PUBLISHED : Friday, 22 May, 2009, 12:00am
UPDATED : Friday, 22 May, 2009, 12:00am

The first museum dedicated solely to education has opened at the Hong Kong Institute of Education.

Featuring exhibits illustrating how education has evolved in the city over the decades and video interviews with veteran educators, the museum is intended to raise public awareness about the pivotal role played by education in the city's development.

From dog-eared textbooks used in the Qing dynasty to uniforms donned by students in the colonial days, the artifacts on display take visitors down memory lane to the era when schools were archaic courtyards furnished with ornate woodcarvings.

Michael Robinson, director of the museum, said the exhibits came from various sources.

'The bulk of the images and photos on display comes from individual donations,' he said.

'Some are on loan from the museum of history, heritage museum and local schools like Ying Wa College. Others come from the archives of the institute.'

Mr Robinson said a major part of the exhibition chronicled the establishment and future development of the institute.

Established in 1994, the institute was formed by merging five teaching colleges.

Offering specialised teaching training spanning a wide range of disciplines, the institute was thrust to the forefront of media attention when its quest for a university title was thwarted recently following the release of a report conducted by the University Grants Committee.

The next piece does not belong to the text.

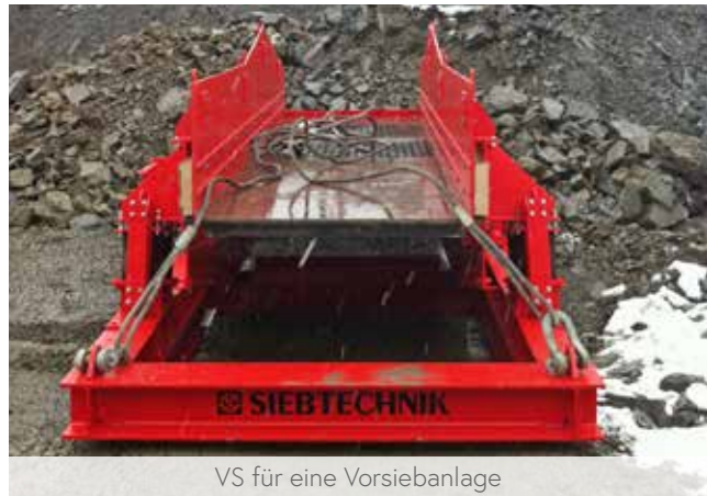
VS für eine Vorsiebanlage

Mr Robinson said some of the exhibits would record the institute's long fight for the title change.

'The blueprint about the future development goals of the institute is also on display.'

With alumni, retired teachers and other educators recalling how their teaching career shaped their lives and those of their charges, Mr Robinson said the video interviews provided precious first-hand accounts of experiences of teaching.

At the opening ceremony of the museum, which was attended by Under Secretary for Education Kenneth Chen Wei-on last week, the institute's president Anthony Cheung Bing-leung said the intention was to reach out to the general public in Hong Kong through the museum in Tai Po.

'Instead of merely being a repository of artifacts, the museum would support the research on the history of education as well,' Mr Chen said.